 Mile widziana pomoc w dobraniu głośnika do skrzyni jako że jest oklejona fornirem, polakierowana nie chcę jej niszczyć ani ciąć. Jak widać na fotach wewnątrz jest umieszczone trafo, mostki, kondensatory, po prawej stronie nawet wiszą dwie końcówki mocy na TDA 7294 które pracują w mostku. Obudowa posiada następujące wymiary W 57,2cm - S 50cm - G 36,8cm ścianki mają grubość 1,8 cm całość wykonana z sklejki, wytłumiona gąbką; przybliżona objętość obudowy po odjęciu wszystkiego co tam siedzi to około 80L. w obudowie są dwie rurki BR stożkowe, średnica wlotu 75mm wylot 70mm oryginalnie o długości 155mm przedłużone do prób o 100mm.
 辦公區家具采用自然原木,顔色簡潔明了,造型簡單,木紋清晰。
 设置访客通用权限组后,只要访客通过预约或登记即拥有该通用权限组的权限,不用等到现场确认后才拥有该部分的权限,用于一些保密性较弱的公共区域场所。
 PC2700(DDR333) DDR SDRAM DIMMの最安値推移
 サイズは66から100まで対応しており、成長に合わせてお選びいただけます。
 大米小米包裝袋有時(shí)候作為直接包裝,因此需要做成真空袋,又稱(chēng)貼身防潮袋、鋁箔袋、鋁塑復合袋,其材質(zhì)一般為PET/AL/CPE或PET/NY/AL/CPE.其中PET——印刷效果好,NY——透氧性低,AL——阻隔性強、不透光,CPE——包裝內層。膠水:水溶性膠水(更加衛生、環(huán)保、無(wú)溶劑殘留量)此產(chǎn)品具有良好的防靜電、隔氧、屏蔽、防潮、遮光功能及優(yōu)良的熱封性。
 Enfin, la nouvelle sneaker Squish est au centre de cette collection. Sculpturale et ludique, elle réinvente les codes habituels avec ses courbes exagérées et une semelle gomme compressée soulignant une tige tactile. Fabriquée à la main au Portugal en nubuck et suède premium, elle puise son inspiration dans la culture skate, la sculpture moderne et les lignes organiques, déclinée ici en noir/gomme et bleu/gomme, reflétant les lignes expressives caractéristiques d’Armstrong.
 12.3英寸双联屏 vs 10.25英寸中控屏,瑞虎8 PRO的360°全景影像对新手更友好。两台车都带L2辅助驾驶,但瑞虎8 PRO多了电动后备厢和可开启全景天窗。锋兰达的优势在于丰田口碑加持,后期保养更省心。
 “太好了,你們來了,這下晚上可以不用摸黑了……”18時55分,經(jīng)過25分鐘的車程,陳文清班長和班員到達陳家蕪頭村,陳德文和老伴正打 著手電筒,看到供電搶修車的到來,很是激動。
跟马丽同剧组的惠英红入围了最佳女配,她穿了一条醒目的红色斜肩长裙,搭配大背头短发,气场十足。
-------------------------
> _Task brief_
Where the data above reaches the line holding "サイズは66から100まで対応しており、成長に合わせてお選びいただけます。", begin printing, and stop after the line holding "大米小米包裝袋有時(shí)". Each line must be reproduced exactly, with nothing else added.

> _Problem solution_
 サイズは66から100まで対応しており、成長に合わせてお選びいただけます。
 大米小米包裝袋有時(shí)候作為直接包裝,因此需要做成真空袋,又稱(chēng)貼身防潮袋、鋁箔袋、鋁塑復合袋,其材質(zhì)一般為PET/AL/CPE或PET/NY/AL/CPE.其中PET——印刷效果好,NY——透氧性低,AL——阻隔性強、不透光,CPE——包裝內層。膠水:水溶性膠水(更加衛生、環(huán)保、無(wú)溶劑殘留量)此產(chǎn)品具有良好的防靜電、隔氧、屏蔽、防潮、遮光功能及優(yōu)良的熱封性。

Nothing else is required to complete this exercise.